▶ BRIEF: The copy must run from the first line of the entries below through the line containing "在悠揚輕松的音樂(lè )中", restated word for word, with pictures left out.

▶ DATA TO USE:
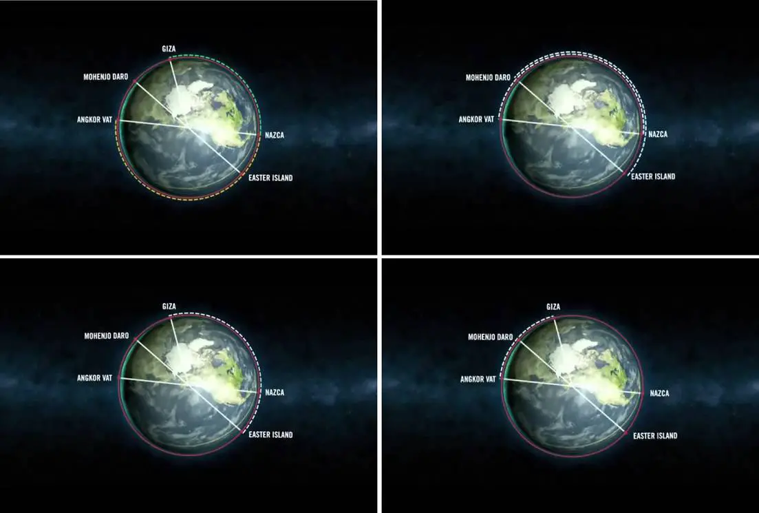 就好像世界各地的古代文化都根据先进的几何图案,精确地在世界各地安置重要的纪念碑、城市和礼仪中心一样——当绘制在地图上时,这些图案显示几乎所有古代遗址都是相连的。
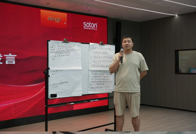 在悠揚輕松的音樂(lè )中,小組互動(dòng)環(huán)節開(kāi)啟。十分鐘內大家用白紙板寫(xiě)下學(xué)習感悟,提煉總結,并由每個(gè)小組派代表總結發(fā)言。雖說(shuō)這只是第一周的學(xué)習總結,但在短短幾天時(shí)間里,大家都收獲滿(mǎn)滿(mǎn),又在交流互動(dòng)中不知不覺(jué)復盤(pán)了一遍,加深了理解。
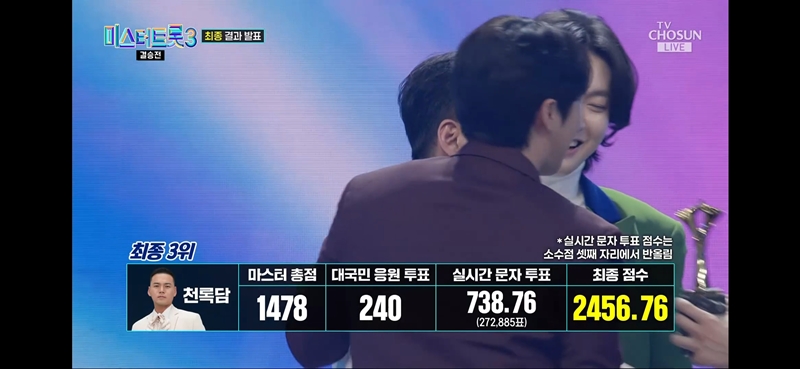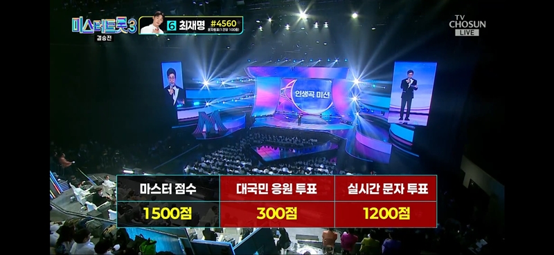 미스터 트롯3 순위 점수는 마스터 점수 1500점, 대국민 응원투표 점수 300점, 실시간 문자 투표 점수 1200점 등 총 3,000점 만점으로 진행되었는데요~ 대국민 응원투표 점수와 실시간 문자투표 점수만으로도 1500점이기 때문에 결국 최후의 1인은 여러분들 손에 달린거였어요. 그래서 저는 이때부터 누가 왕관을 차지할지 예상이 되더라고요.
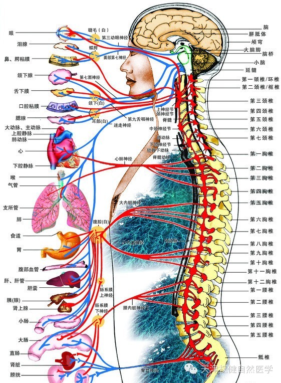 我们从脚向上逆推,足部骨骼变形就会影响踝骨,再向上就会影响膝关节,再向上就会影响髋关节,再向上就是人体最重要的脊椎(包括了颈椎和腰椎部分),而脊椎中又包裹着中枢神经,所谓中枢神经就是说是人体身上最重要的中间枢纽,一旦脊椎发生变形,就会压迫到中枢神经,如果压迫在颈椎部位,轻则引起头晕,失眠,手指发麻,严重点会恶心,甚至全身瘫痪,体操运动员桑兰就是个很典型的例子:她在运动中摔伤了颈椎,导致高位截瘫;如果是腰椎神经被压迫到了,那么轻则感觉下肢发麻,行走困难,重则大小便失禁,双腿瘫痪。在中枢神经的旁侧还有31对神经根,分别连着我们人体胸腔和腹腔内的各个脏器,通过神经根来给各个脏器输送营养,一旦有脊椎发生变形很可能压迫到旁侧的神经根,轻则引起相关脏器的功能下降,重则长期某脏器供血不足,营养不足导致脏器衰竭。
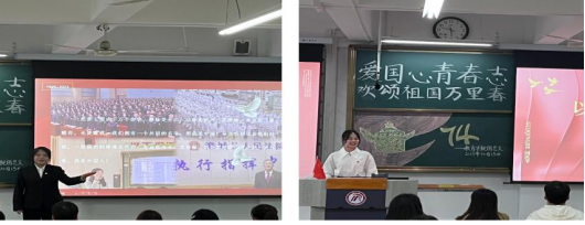为热烈庆祝中华人民共和国成立74周年,厚植员工党员爱党爱国情怀,弘扬爱国主义精神,充分发挥“以党建带团建,以团建促党建”的实效,best365中国官方网站员工党支部联合团总支员工分会共同开展了“党团共建展画卷 欢颂祖国万里春”爱党爱国主题演讲比赛。唐丹、李乙、杨道扬以及团学代表和员工党支部代表担任比赛评委。
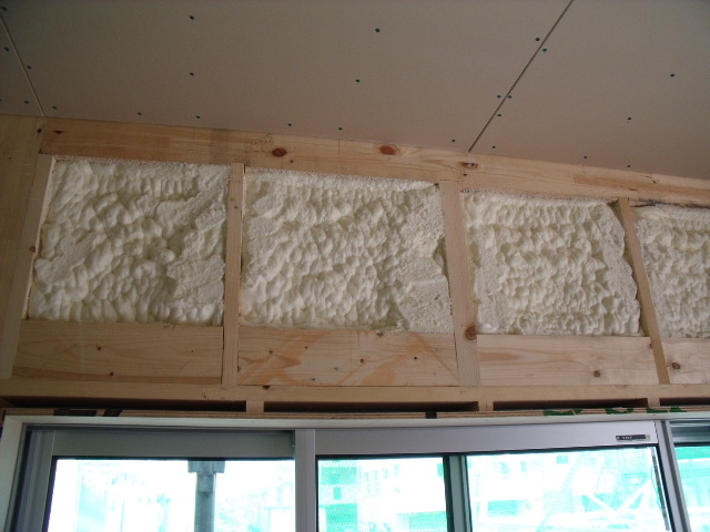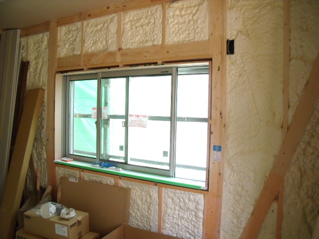泡断熱はサッシが取り付けられて小さい空間に対しても、均一に施工できるのが特長です☆

▶ ANSWER SECTION:
 就好像世界各地的古代文化都根据先进的几何图案,精确地在世界各地安置重要的纪念碑、城市和礼仪中心一样——当绘制在地图上时,这些图案显示几乎所有古代遗址都是相连的。
 在悠揚輕松的音樂(lè )中,小組互動(dòng)環(huán)節開(kāi)啟。十分鐘內大家用白紙板寫(xiě)下學(xué)習感悟,提煉總結,并由每個(gè)小組派代表總結發(fā)言。雖說(shuō)這只是第一周的學(xué)習總結,但在短短幾天時(shí)間里,大家都收獲滿(mǎn)滿(mǎn),又在交流互動(dòng)中不知不覺(jué)復盤(pán)了一遍,加深了理解。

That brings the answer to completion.